Copy each entry below verbatim. Skip the pictures.
DATA RECORDS START
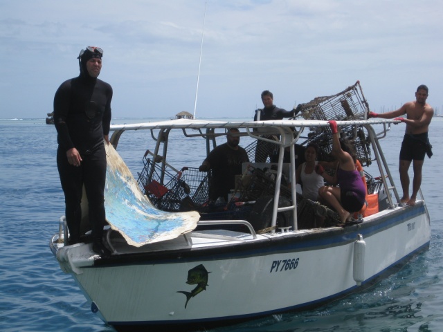 Pour la cinquième année consécutive, l’association de pêcheurs sous marin Tamari’i hopu na raro nō Puna’auia a organisé en partenariat avec la mairie une journée de nettoyage du lagon. Les bénévoles ,soit entre 80 et 100 personnes et 7 bateaux, ont bien répondu à l’appel lancé par le président Heiava TEATA pour nettoyer la même zone que les années passées (du Captain Blight au Mc Donald).
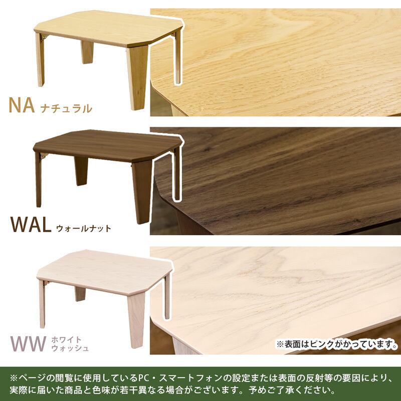 このテーブルは、ナチュラル(NA)とウォールナット(WAL)、ホワイト(WW)の3色が織りなす美しいカラーリングが特徴です。どの色もお部屋に温かみをプラスしてくれ、カジュアルな雰囲気からスタイリッシュな空間まで、お好みに合わせて楽しむことができます。また、折り畳み式のため、使わない時にはコンパクトに収納でき、スペースを無駄にすることなく活用できます。60cmのサイズは、ダイニングやリビングルーム、さらにはテラスなど、さまざまな場所で使うのに最適です。
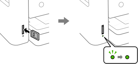 Imprimanta începe să citească datele și indicatorul luminează intermitent.În momentul în care citirea s-a terminat, indicatorul nu va mai lumina intermitent, ci va rămâne aprins.
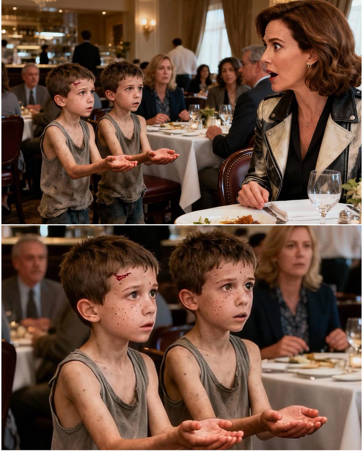 The taller twin flinched at the sharp sound of the fork, then straightened. “We’re sorry, ma’am,” he said quickly, his voice tense with practiced apology. “We’re just… we’re hungry. We don’t want money. Just food you’re not eating.”
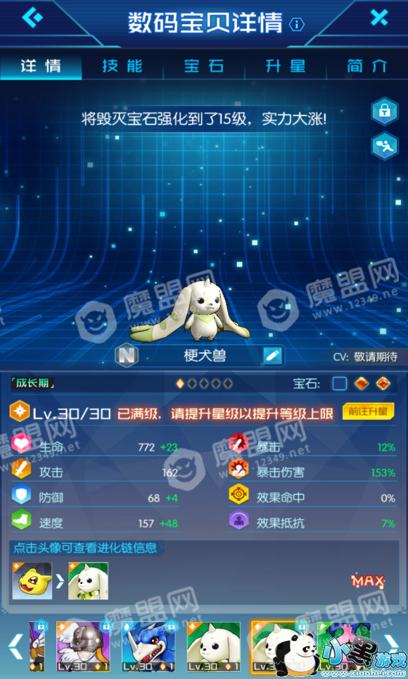 六、暴龙兽(R级 进攻型 开局就送的SSR级宠物 建议尽快进化到战斗暴龙兽 优先培养到4星)
DATA RECORDS END
_FINISHED EXERCISE_
 Pour la cinquième année consécutive, l’association de pêcheurs sous marin Tamari’i hopu na raro nō Puna’auia a organisé en partenariat avec la mairie une journée de nettoyage du lagon. Les bénévoles ,soit entre 80 et 100 personnes et 7 bateaux, ont bien répondu à l’appel lancé par le président Heiava TEATA pour nettoyer la même zone que les années passées (du Captain Blight au Mc Donald).
 このテーブルは、ナチュラル(NA)とウォールナット(WAL)、ホワイト(WW)の3色が織りなす美しいカラーリングが特徴です。どの色もお部屋に温かみをプラスしてくれ、カジュアルな雰囲気からスタイリッシュな空間まで、お好みに合わせて楽しむことができます。また、折り畳み式のため、使わない時にはコンパクトに収納でき、スペースを無駄にすることなく活用できます。60cmのサイズは、ダイニングやリビングルーム、さらにはテラスなど、さまざまな場所で使うのに最適です。
 Imprimanta începe să citească datele și indicatorul luminează intermitent.În momentul în care citirea s-a terminat, indicatorul nu va mai lumina intermitent, ci va rămâne aprins.
 The taller twin flinched at the sharp sound of the fork, then straightened. “We’re sorry, ma’am,” he said quickly, his voice tense with practiced apology. “We’re just… we’re hungry. We don’t want money. Just food you’re not eating.”
 六、暴龙兽(R级 进攻型 开局就送的SSR级宠物 建议尽快进化到战斗暴龙兽 优先培养到4星)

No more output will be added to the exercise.